# Do police dogs ever breed?



## Nurse Bishop

I have admired some splendid police dogs and I do have a GSD bitch. I wonder if working police dogs are ever used for breeding? To working lines females of course.


----------



## thegooseman90

The short answer is yes. Tom z ps is a famous example. Another was a more recent post looking for insight on her pedigree. Dogs sire is dyson benax, a police dog.


----------



## wolfstraum

Most departments own the dogs and do not bother with registration papers or hip/elbow ratings....occassionally an officer owns the dog and will use it for breeding.....papers not being a factor because "it's a police dog" and everyone wants his pups! 

I have seen several scenerios - officer owned dogs with all paperwork and credentials used for breeding, dogs with no papers and no clue of pedigree breeding any female the officer can ...and making patrol dogs out of a few of the pups, and dogs owned by a local town who the officer will breed quietly - again, no papers....


Lee


----------



## Magwart

There are the retired K9s that get sold off as "surplus" property sometimes, especially in the South. I'm sure most of them get bred by whoever gets a hold of them.

The last retired K9 I know of that was pulled out of a high-kill shelter (NOLA) had horrible hips -- he needed $3k of surgery to be able to walk as a senior. I have little doubt that whoever bought him from the department and then dumped him had recouped their "investment" and advertised pups as sired by a K9.

I've heard of rumored litters where an officer apparently bred his department-owned K9 without his department's permission -- personally pocketing the stud fee. I can't say whether those rumors are true, but I'm 100% sure that our local K9 commander would want to know about this if any of his guys did it --he would *not* be a happy camper.


----------



## CometDog

Did you just mean American police dogs? My dog is sired by a Slovakian P.D. He has sired quite a few really nice litters.

His sire:
Clif Vicona


----------



## Sabis mom

Not sure if it is still happening, Carmspack may know, but we have an RCMP kennel in this area and they used to sell the pups that didn't make the cut. It created a whole lot of "Police K9" breedings. Still a few people that are cashing in on the whole "parents from working K9 lines".


----------



## Nurse Bishop

I wonder what Slamdunk will say about this.

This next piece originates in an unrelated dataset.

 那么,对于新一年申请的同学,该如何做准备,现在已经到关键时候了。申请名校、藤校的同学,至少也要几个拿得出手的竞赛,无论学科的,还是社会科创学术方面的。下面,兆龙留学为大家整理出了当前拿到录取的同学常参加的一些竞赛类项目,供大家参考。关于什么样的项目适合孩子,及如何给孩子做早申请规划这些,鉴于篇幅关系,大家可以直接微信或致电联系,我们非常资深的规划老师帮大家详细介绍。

A police K9 that I admire has his own facebook page. He answers people's comments. 
Here is Inga's message to him. 
(Now, this is a joke. Inga is never going to have puppies). Besides, hes a Mal.









To Odin Coos County Sheriff's K9
December 28 at 10:56am ·

Dear Odin, I am a girl dog. Could we arrange a meeting? You would like my special perfume.


----------



## Nurse Bishop

If you visit Odin's FB page it says I'm feeling better and such like. Thats because Odin came down with an infection, not that he has defective joints. K-9 deputy Odin is back in business | Local News | theworldlink.com
Odin has made something like 57 arrests in the last 2 years.

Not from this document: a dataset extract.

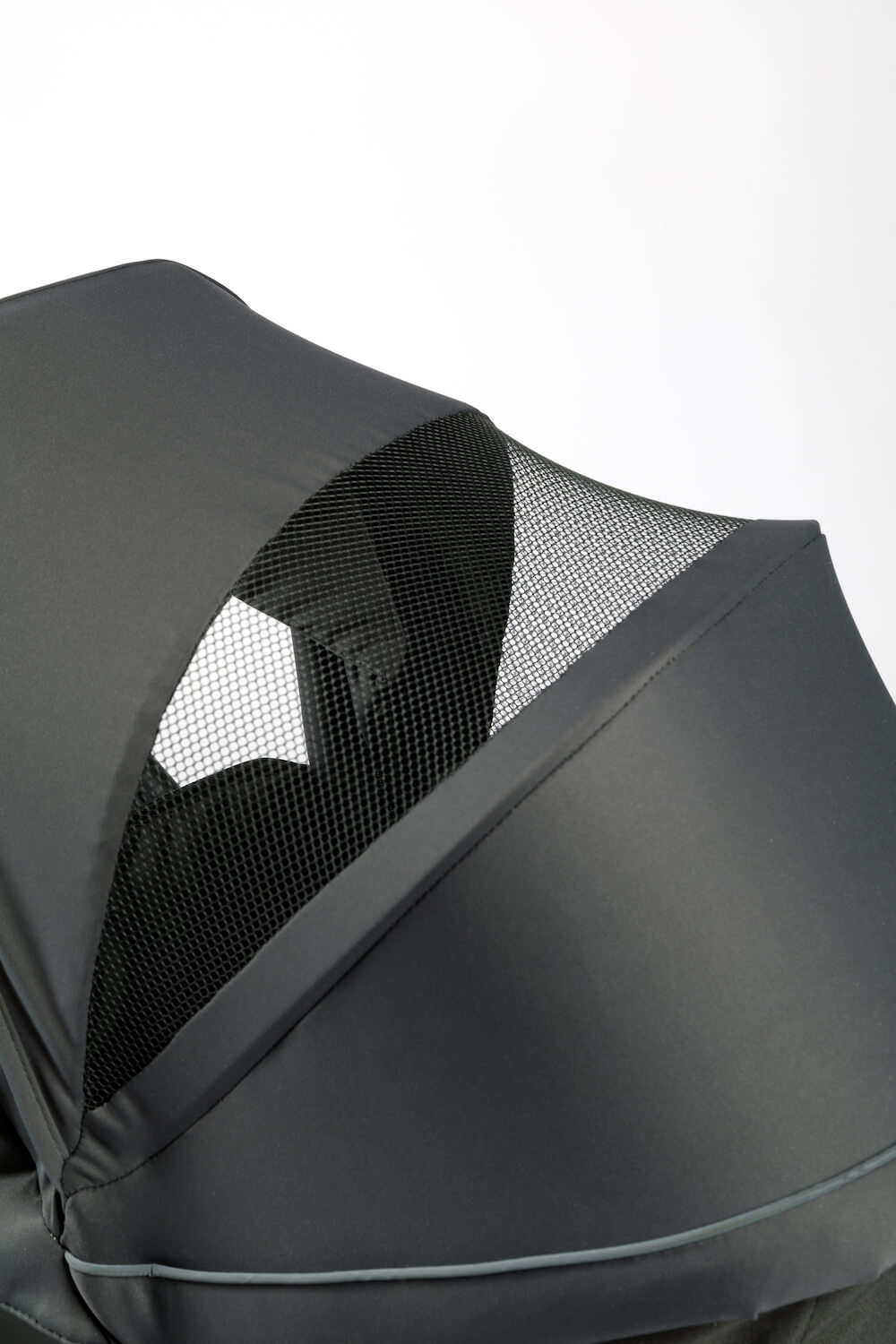 Das große Verdeck mit Lüftungsoptionen bietet zuverlässigen UV-Schutz und schafft ein angenehmes Klima, selbst an warmen Tagen. Schmutz- und wasserabweisende Materialien mit UV-Schutz 50+ machen den tfk pro zusätzlich pflegeleicht und robust – ideal für euren aktiven Alltag bei jedem Wetter.

Here is a page of police K9s, a lot of beautiful working dogs here. I especially like the one named "Prison" 
The K9s | K9s4COPs


----------



## Nurse Bishop

I wonder if breeding a male police K9 puts their mind on other things. Like a stallion, can they go 'mare crazy'?

This is my stallion.


----------



## Sunsilver

My young female was sired by a police K9. The department decided to get rid of their police K9 program, so his breeder got him back. He is not a good house dog, though, so she has to choose carefully who she breeds him to.

Eska von den Roten Vorbergen


----------



## wolfy dog

Nurse Bishop said:


> I wonder if breeding a male police K9 puts their mind on other things. Like a stallion, can they go 'mare crazy'?
> 
> This is my stallion.


Stallions and stud dogs can be trained to know the difference between breeding and work. My horse breeder's stallion had a certain halter for breeding and his regular gear for riding. A good rider can handle that. In the past we had an old neighbor who was a cowboy all his life and they worked with stallions. He told me, "they just didn't have time to think of mares". I know that dogs can do both as well. When I bred my Whippet male, I had to keep him leashed because there are squirrels in our yard all the time....


----------



## deacon

My military working dogs could not breed under any circumstance. I bred my civilian police K-9 "Kanto Vom Wolfsgehege" on a few occasions to my bitch at the time and also did a few outside breedings as well. However he was my personal dog leased to the city I worked at.


----------



## Nurse Bishop

My stallion has never been bred. He does live in a pasture with a mini stallion. So he lives in a 'bachelor herd', the natural life of wild stallions that could not win mares by fighting. I always ride alone so do not have to worry about him meeting mares and becoming distracted, which he will do. If he meets a mare and starts getting mare crazy I circle him closely until he pays attention to me and not the mares.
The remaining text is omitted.